Help! I’m a dev who can Software Design..?

Hey fellow designers,

I have a confession: I’m one of those developers who’s been having a beautiful love affair with LLMs.
We write clean, elegant, production-ready code together. It’s magical. The AI even writes better comments than I do.

But then comes the moment of truth… I open Figma.

And suddenly I’m like a medieval blacksmith trying to perform heart surgery.
I throw some buttons on the screen, make them blue because “blue is trustworthy, right?”, add 47 different fonts for emphasis, and somehow end up with a login screen that looks like a 2009 MySpace profile had a baby with a cybertruck.

My users don’t know whether they’re logging into a banking app or a Soviet-era government website from 1987. The UX is so bad it has trust issues.

So here I am, hat in hand (and shame in my heart), showing you my latest creation:

[Attach your screenshot/mockup here]

Please, I’m begging you — roast me, help me, adopt me, whatever it takes.
I just want my app to look like it was designed by a professional… and not by someone whose only design principle is “it works on my machine”.

Any kind souls willing to throw me a rope (or better: a complete redesign suggestion)?
I promise to keep feeding the LLM good prompts in return.
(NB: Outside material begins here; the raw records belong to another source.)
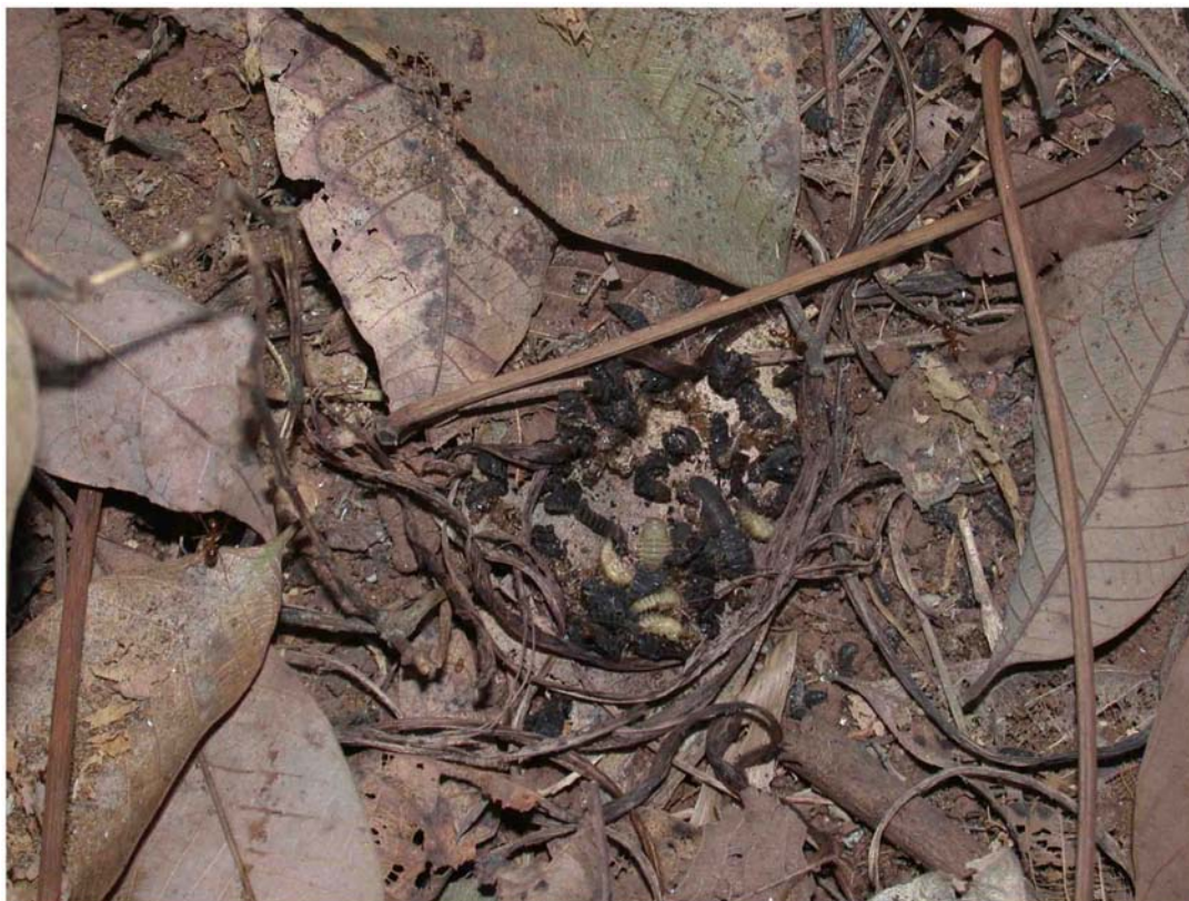
Figure 6. Cluster of V th instar larvae in a quiescent state prior to pupation and newly emerged pupae in the litter floor of rubber plantation.

below litter diurnally and were surface active nocturnally.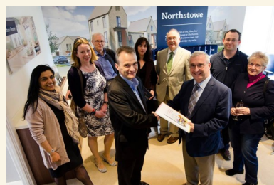
Members of the Northstowe Community Working Group at the official launch of Northstowe held on 11 May 2017 on the Bloor Homes site

2017 marks a watershed moment for Longstanton and Northstowe. Out of the soil and fields of Longstanton's parish lands is rising the first new town built in England since Milton Keynes. Although construction of the new town started a while ago, after years in the planning, this Spring saw the first residents move into the new homes built by Bloor Homes just opposite what was Crabtree Corner on the B1050. The occasion was marked by an official launch event on the Bloor Homes site.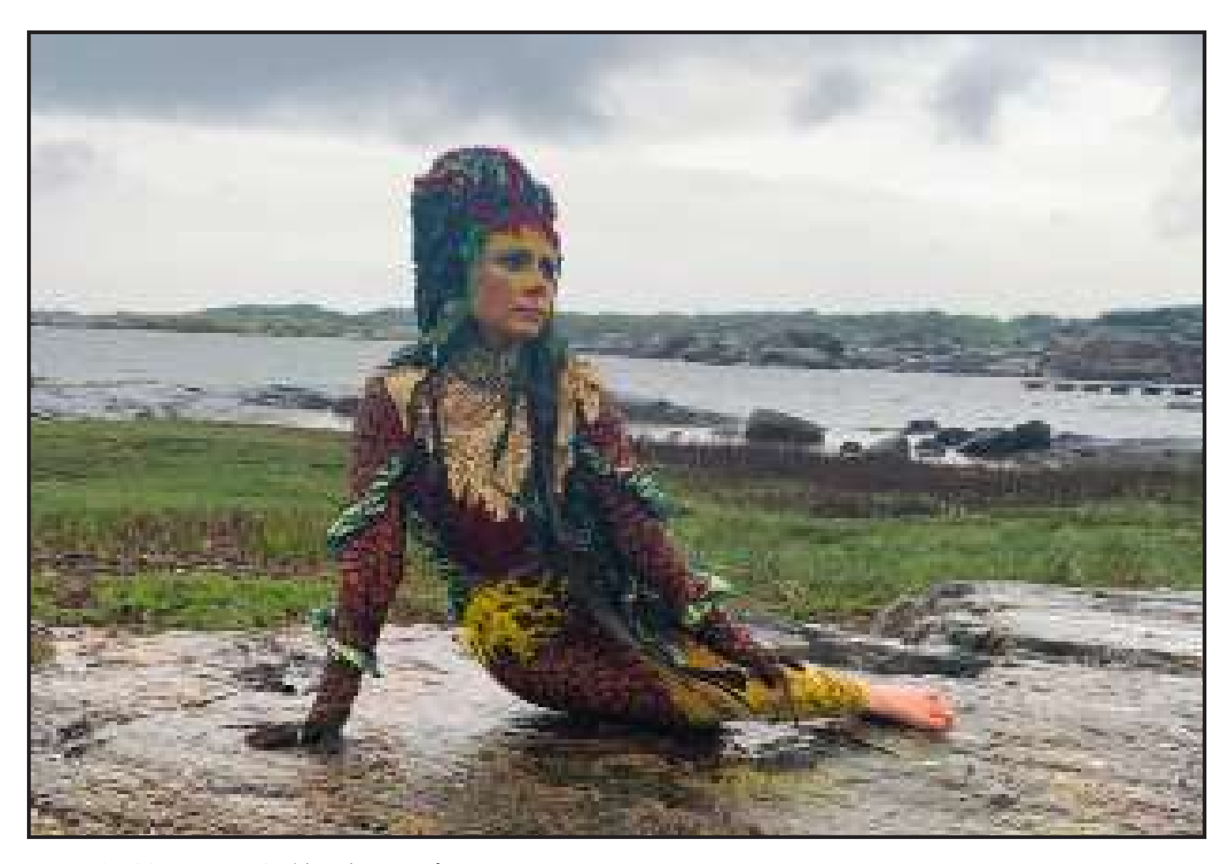
BIRTH OF GOTHENBURG , video-danse performance. 400 years birthhday in collaboration with Collective Moves, and original idea from Isabel Lagos, choreographer: Sebastian Bartilson, HÖno island, Sweden, 2020.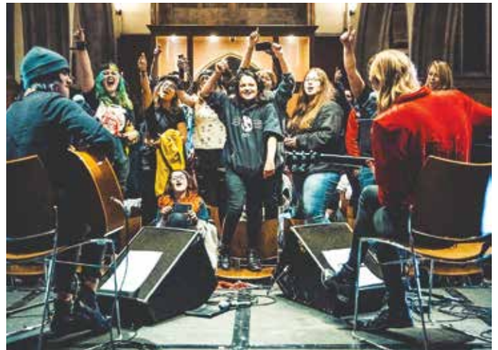
As it is.

The first ever K-Pop UK National Competition was held last year and the organisers chose All Saints Church for their venue.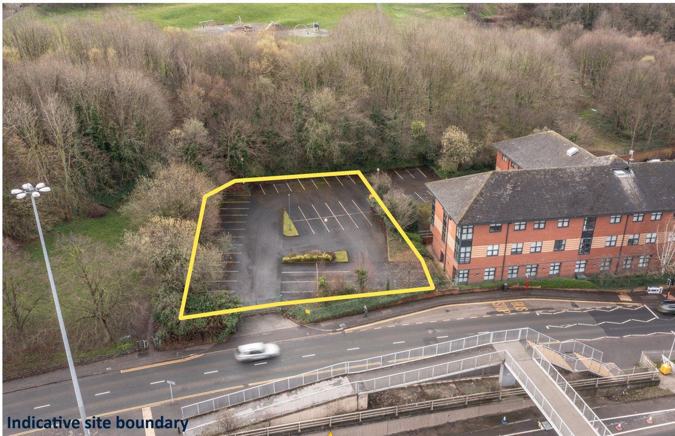
Indicative site boundary

We can be friends. I make backend, you make beauty. A match made in heaven.

Thanks in advance — and sorry for what you’re about to see.

You forgot that part :wink:

2 Likes

:sweat_smile:

I wonder how to deal this case ?, One thing is Graphic Design and Another thing is Software Design which is a different thing, you may need to look for a Programmer not for a Graphic Designer !

Yeah, you’re probably not entirely wrong there—but I’m on board, too. We’ll manage to pull this off, provided there’s someone here who can really help me out and explain what I’m doing wrong.

Knowing what you’re trying to design would help. I assume it’s neither a banking app nor a Soviet government website, so what is it? The first step in good design is to tightly define the problem. Without that information, we’re just looking at a mystery.

What’s its purpose? Who is the audience? What are the goals? Who is the competition? Who is it for? What else is relevant to the UI/UX?

You’ve heard the aphorism “Form follows function.” It applies here (at least it should).